The general purpose of the meeting, presented today at the Vatican, "is to give new meaning and application to the concept of common good in this age of globalisation, which in certain fields is leading to growing inequalities and social injustice, lacerations and fragmentations of the social fabric, in short, to the destruction of common goods throughout the world. This does not mean supporting the thesis that globalisation is only a negative process, but rather highlighting, studying and enhancing the positive elements it entails as specific opportunities that need support and governance in order to produce those common goods that can make society more human in the near future".
There will also be analysis of the principles of Catholic social doctrine - often misinterpreted or viewed in a reductionist manner - regarding their correct interpretation and application, with special attention to their articulations and interconnections. "It is a matter of making the reciprocity, complementarity and correlations that structure them stand out clearly. The working hypothesis is that the abstract concept of common good can be concretely defined as 'common goods as relational goods'".

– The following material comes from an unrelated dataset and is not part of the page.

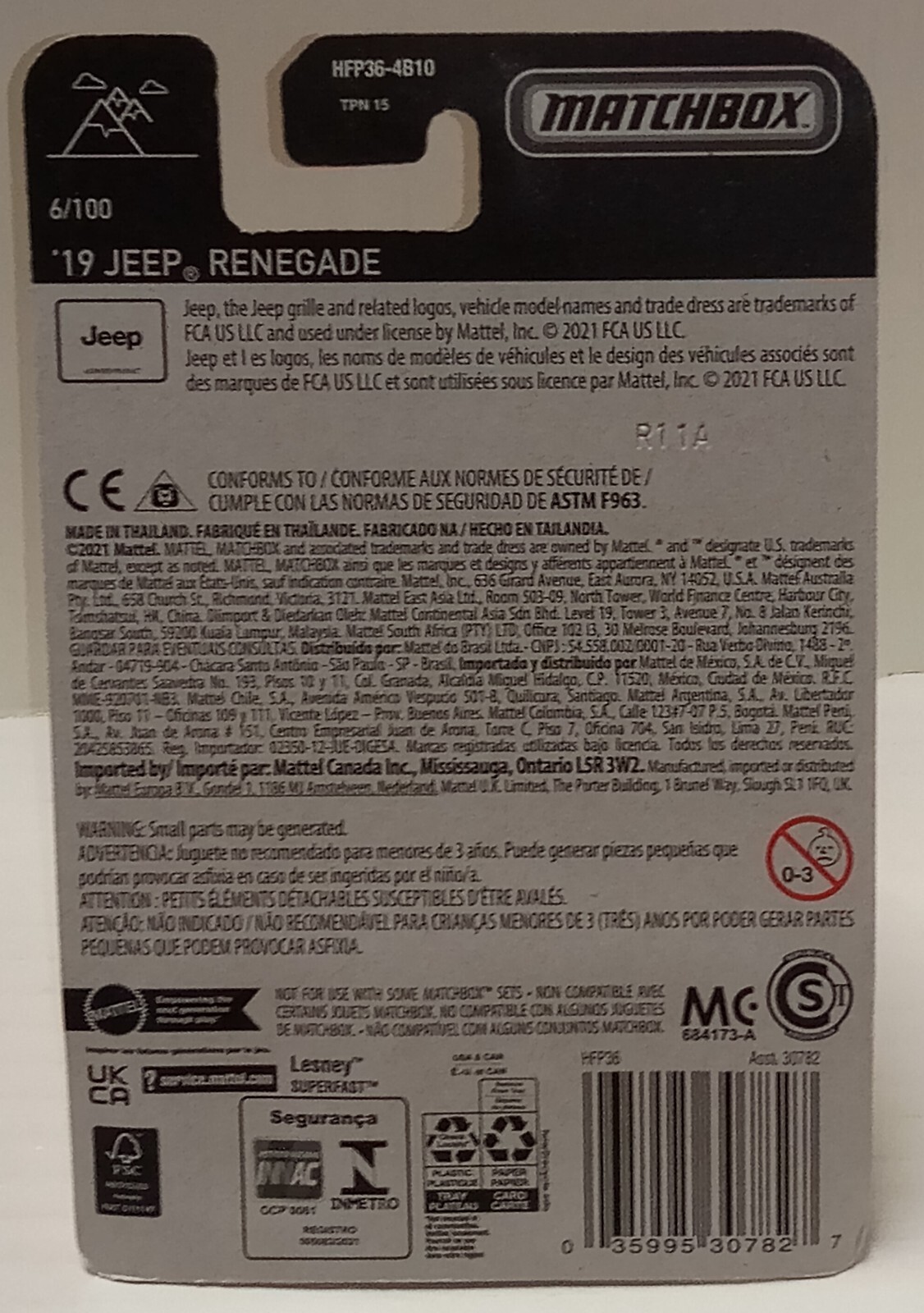 This 2022 Matchbox Basic toy vehicle features a 2019 Jeep Renegade in a striking blue color. The 1:64 scale diecast model is part of the MBX Off-Road series and comes in an unopened box. It is a perfect addition to any collection of contemporary manufactured cars, trucks, and vans. The Matchbox Basic 2019 Jeep Renegade is made in Thailand and has not been customized or autographed. It is a great gift for any SUV enthusiast and is sure to provide hours of fun and imaginative play. Get your hands on this limited edition model today!

"At the practical-operational level, some case studies on good practices will be presented, which are useful to verify the hypothesis according to which a new combination of subsidiarity and solidarity can nurture those social processes that activate and cause the circulation of gifts and the social reciprocity from which common goods, intended as relational goods, proceed. These are the products of an authentically civil society. The good practices that will be discussed are: new forms of solidary and subsidiary economy (the 'economy of communion' and the 'Food Bank'); shared access (peer to peer) to information goods on communication networks (the Internet); the new 'Local Alliances for the Family' (born in Germany and spreading throughout Europe); subsidiary educational activities in developing countries (intervention in a local community in Salvador, Bahia); third sector organisations using the instrument of micro-credit for social, economic and human development".